We based our study on empirical evidence from worksite-based smoking cessation programs. However, further studies are needed to ascertain what works in apprentice-based smoking cessation versus worksite-based smoking cessation programs. Perhaps, redressing disparities in smoking cessation entails complementary efforts in both apprenticeship programs and worksites. This is especially important for construction workers. According to National Health Interview Survey data from 1997 to 2004, occupations with smoking rates above 30% were all blue-collar, with construction workers having the highest prevalence of smoking at 38.8% [
34]. Workplace smoking bans can decrease cigarette smoking [
19]. However, blue-collar workplaces have been slow to implement bans [
22] and many blue-collar workers work outside where they can easily smoke (e.g., construction sites).
This study’s findings have implications for future research and practice on smoking cessation among blue-collar workers. To our knowledge, our study is the first randomized-controlled study to intervene on smoking cessation among blue-collar workers at their training sites in collaboration with their unions. Unions represent many workers in blue-collar occupations and can be another channel through which interventionists can reach blue-collar workers, who, otherwise would be scattered across several worksites [
38]. We have not found other reported smoking cessation interventions that targeted this untapped area of worksite health promotion. However, the study also underscores a need to find ways to provide continued assistance with maintenance of smoking cessation to apprentices who quit smoking.
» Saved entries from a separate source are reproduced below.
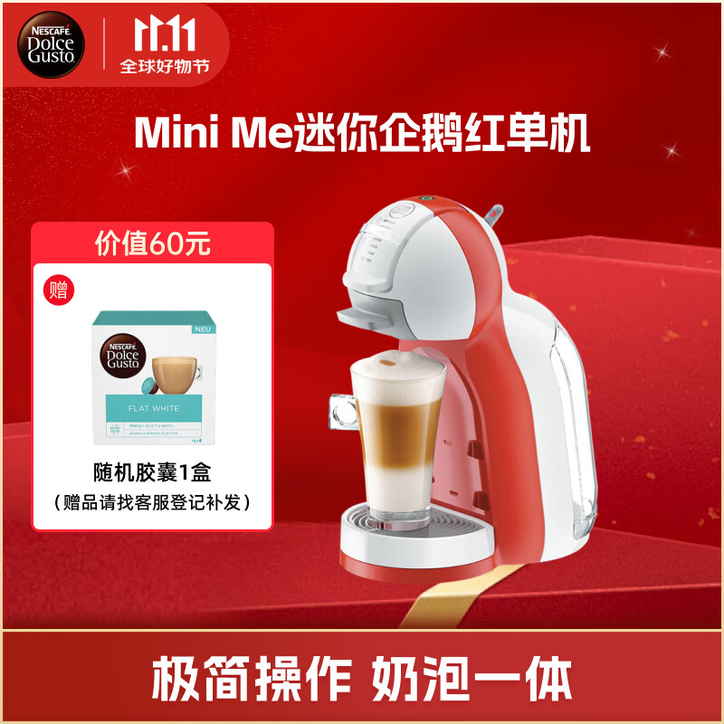 DOLCE GUSTO 雀巢多趣酷思 全自动胶囊咖啡机Mini Me迷你企鹅红单机 体积小巧易操作 急速加热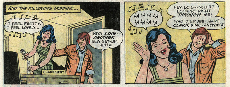 That said, the whole affair is suffused with a very 70s “macho” ethos, where being a “real man” means hitting harder, yelling louder and walking with more swagger than any other guy in the room. Lois witnesses Clark’s petulant table-tossing tantrum in an “exclusive” restaurant (an arguably disproportionate response to having water splashed down one’s chin) and far from being mortified, she is obviously turned on, asking Steve, “How do you like finding out that milksop Clark Kent is capable of acting like a man?” Likewise the eternally domineering Morgan Edge responds to Clark’s insolence and insubordination not by firing him but by assuming a submissive posture in the presence of the new alpha male in the office. Confronted by Steve in the elevator, Clark answers physical assault in kind and there’s nary a hint Human Resources will have a problem with any of it.  Remember kids, a real man bulldozes his way through life, and to the victor goes the spoils.  Accept no insults, meet violence with violence and never let your boss stick you with a task you don’t like; women will love you for your ability to beat up other guys and your boss will probably promote you for telling him where to get off.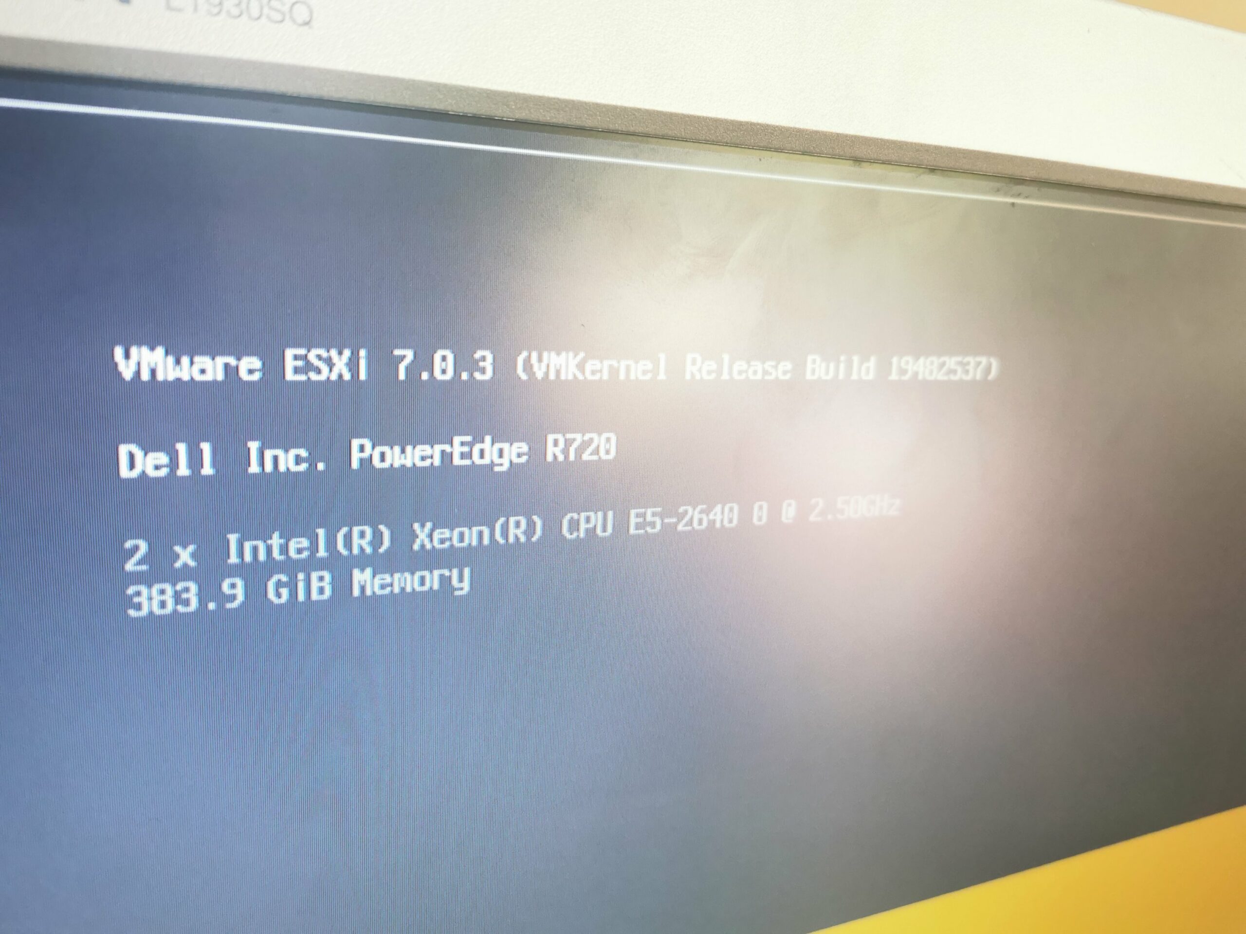 Heute haben wir den Dell-Server mit drei Sata-Platten und nem USB-Stick versehen. Auf den Stick kam die aktuelle esxi-Versiom 7 Punkt irgendwas drauf.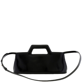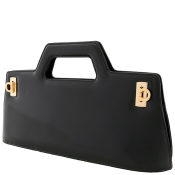Ferragamo Ladies Top Handle Bag. SKU: 213484 760351. Color: Black. Size: H: 7.8" x L: 14.5" x W: 3.5". Ferragamo Wanda East-West Top Handle Bag. This avant-garde geometric handbag, inspired by the iconic Wanda style, is crafted from brushed calfskin. It features a lined interior with two flat pockets and can be carried as a handbag or shoulder bag with the detachable strap. The side fastening has a satin-finish steel Gancini accent. 100% Calfskin. Made in Italy.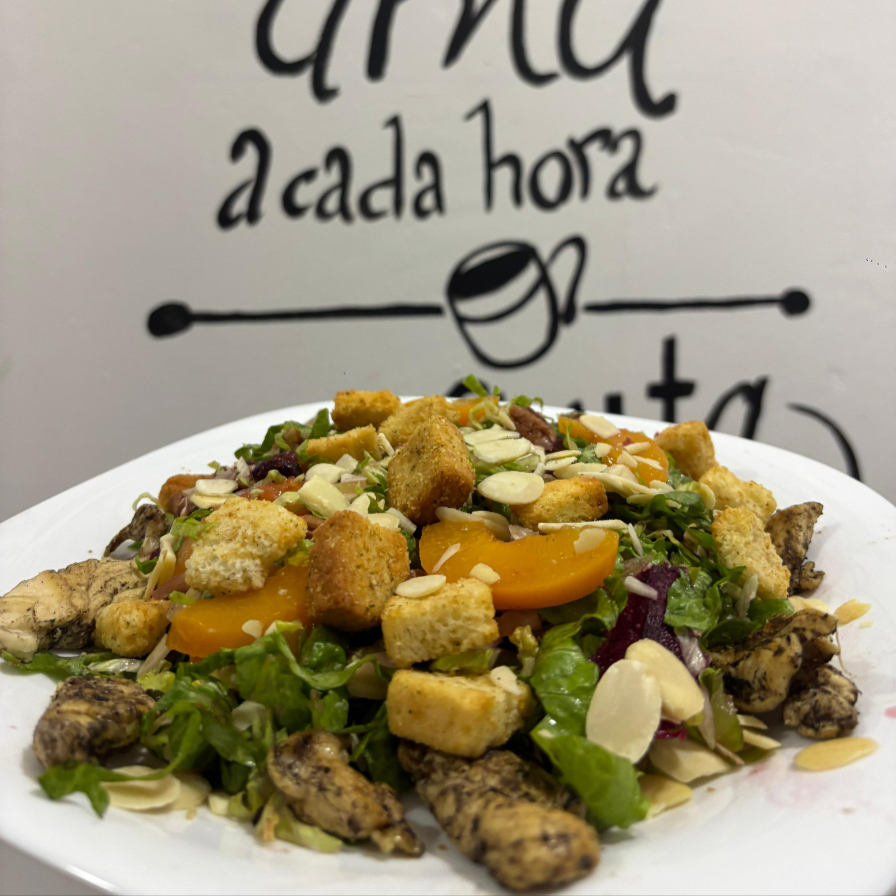 Cama de lechuga orejona, acompañada con arándanos, almendras, nuez, durazno, betabel y pollo a la plancha con un toque de aceite de oliva y aderezo de la casa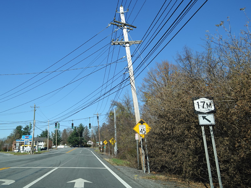 NY 17M begins on the left at a traffic light.
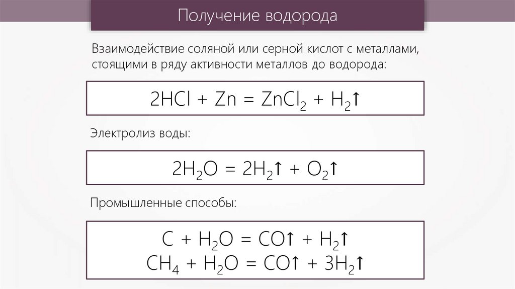 Получение водородаВзаимодействие соляной или серной кислот с металлами,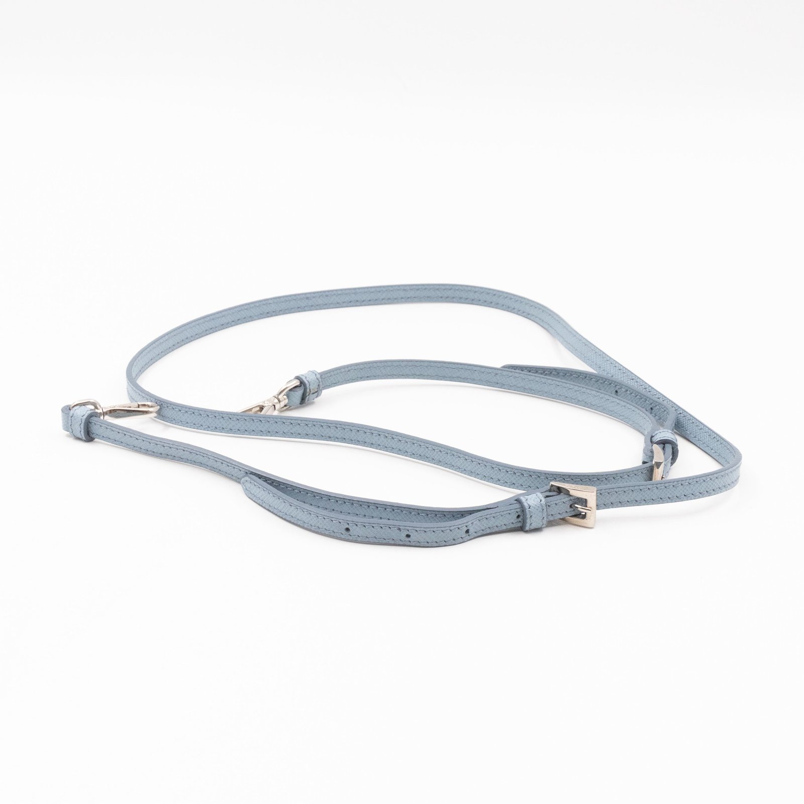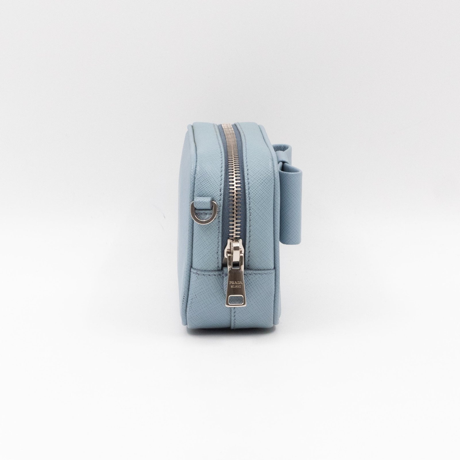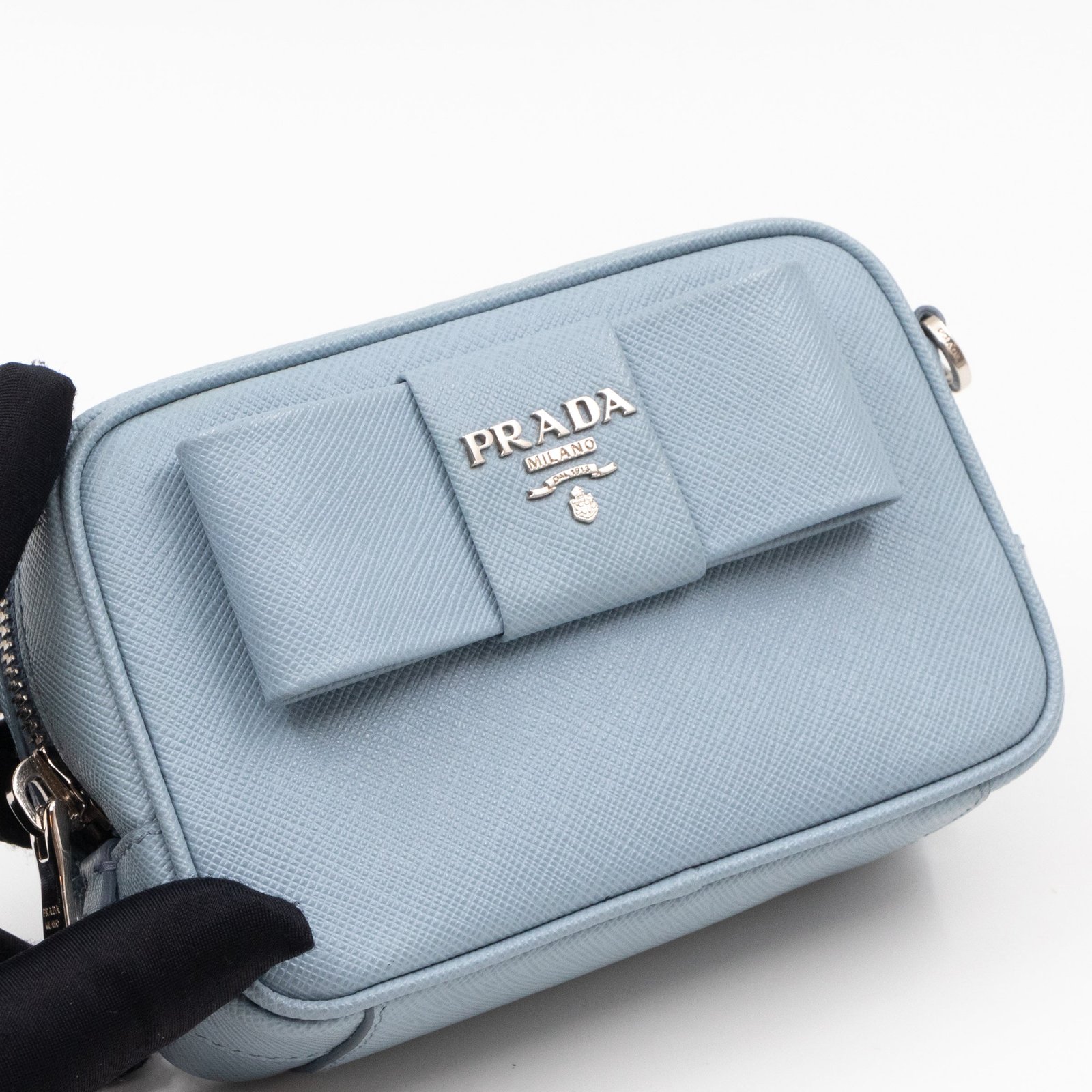 A Prada crossbody camera bag in light blue saffiano leather. This small sized bag has a removable shoulder strap for comfortable crossbody use. Great for daily use for your phone, cards, and keys. Inside has two slim pockets. On front a silver Prada logo on a lovely bow. Inside fits a phone with max length is 14 cm.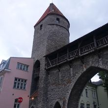 旧市街の西側出入り口にあたる場所にあります。旧市街の東側は、建物と城壁の迫っているところが多く、小路から城壁を見上げながらという場所が多かったですが、こちらに来ると、少し離れたところから、城壁と見張りの塔を眺めることができます。より、城壁が町を囲んで知る様子を実感することができます。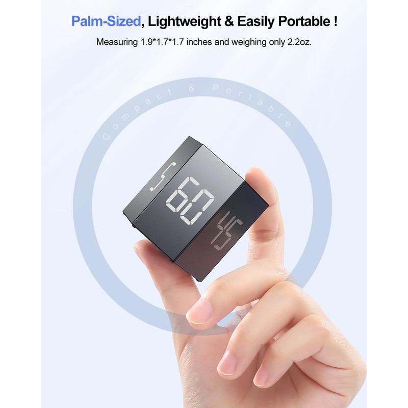 - Compact, magnetic and rechargeable. The size of the flip timer is 1.9 x 1.8 x 1.7 inches, fits in the palm of your hand and weighs only 2.2 ounces. It is portable and fits in any bag or bag. The timer has a magnetic base that can be attached to the fridge or any steel surface and frees your hands when measuring time. It is rechargeable, with a durable lithium battery and a USB-C charging port.

In conclusion, this study demonstrated the feasibility of integrating smoking cessation programs into training programs for apprentices in the building trades. The dissemination of such programs could occur through labor-management health and welfare funds, which provide insurance to some 10 million union members and their dependents, largely employed in the building trades [
39]. An insurance-funded program that is delivered annually in apprenticeship programs, and that includes evidence-based behavioral counseling coupled with NRT, would be sustainable and may help with relapse prevention. Additionally, the toxics and tobacco curriculum is readily available through the BUILT project in California, which developed materials using state funds. Public health advocates ought to urge these labor-management health and welfare funds to provide training and worksite-based programs such as MassBUILT, as part of comprehensive wellness programming. Such programs could lead to long-term savings for jointly sponsored labor-management insurance funds.